__Source material__.
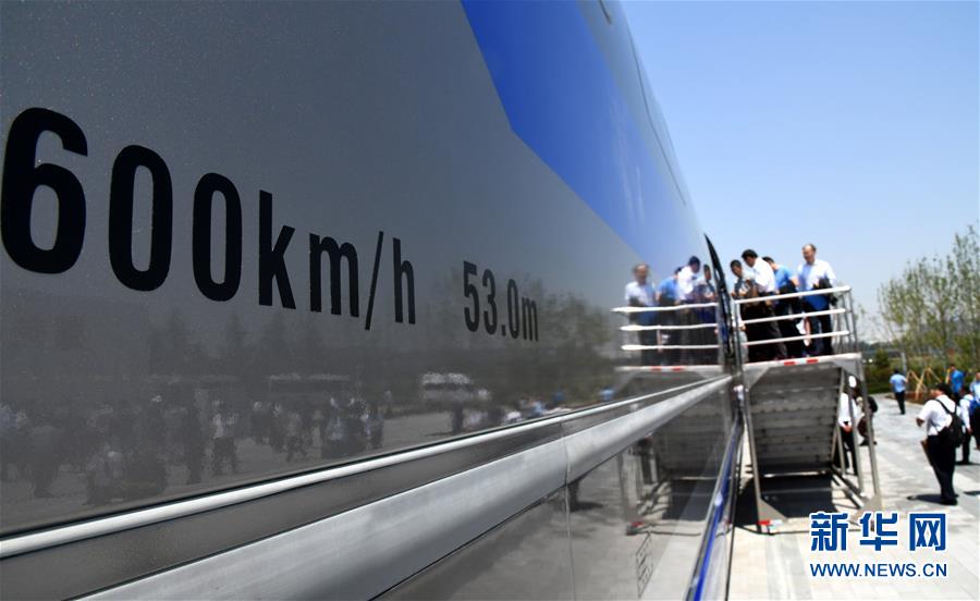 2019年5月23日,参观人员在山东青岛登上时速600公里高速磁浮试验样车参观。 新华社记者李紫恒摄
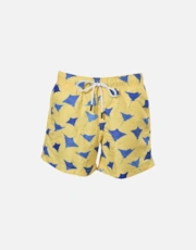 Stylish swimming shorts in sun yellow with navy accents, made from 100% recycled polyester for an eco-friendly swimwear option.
==
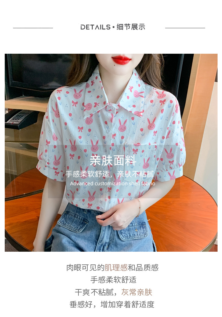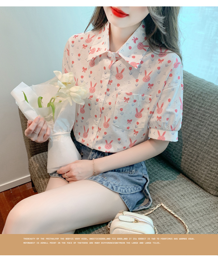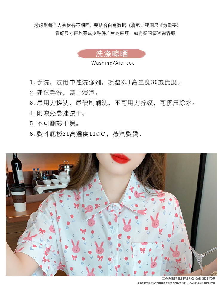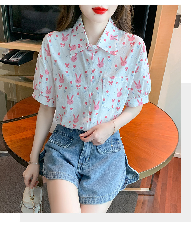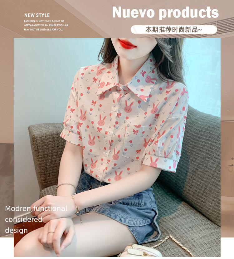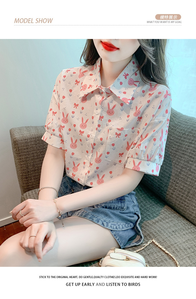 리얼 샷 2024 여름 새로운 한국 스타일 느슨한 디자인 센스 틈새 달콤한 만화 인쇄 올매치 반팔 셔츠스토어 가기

__Work item__.
If a picture sits between the line containing "2019年5月23日,参观人" and the line containing "Stylish swimming shorts", leave it out, and return the lines of that range above exactly, both ends included.

__Solution__.
 2019年5月23日,参观人员在山东青岛登上时速600公里高速磁浮试验样车参观。 新华社记者李紫恒摄
 Stylish swimming shorts in sun yellow with navy accents, made from 100% recycled polyester for an eco-friendly swimwear option.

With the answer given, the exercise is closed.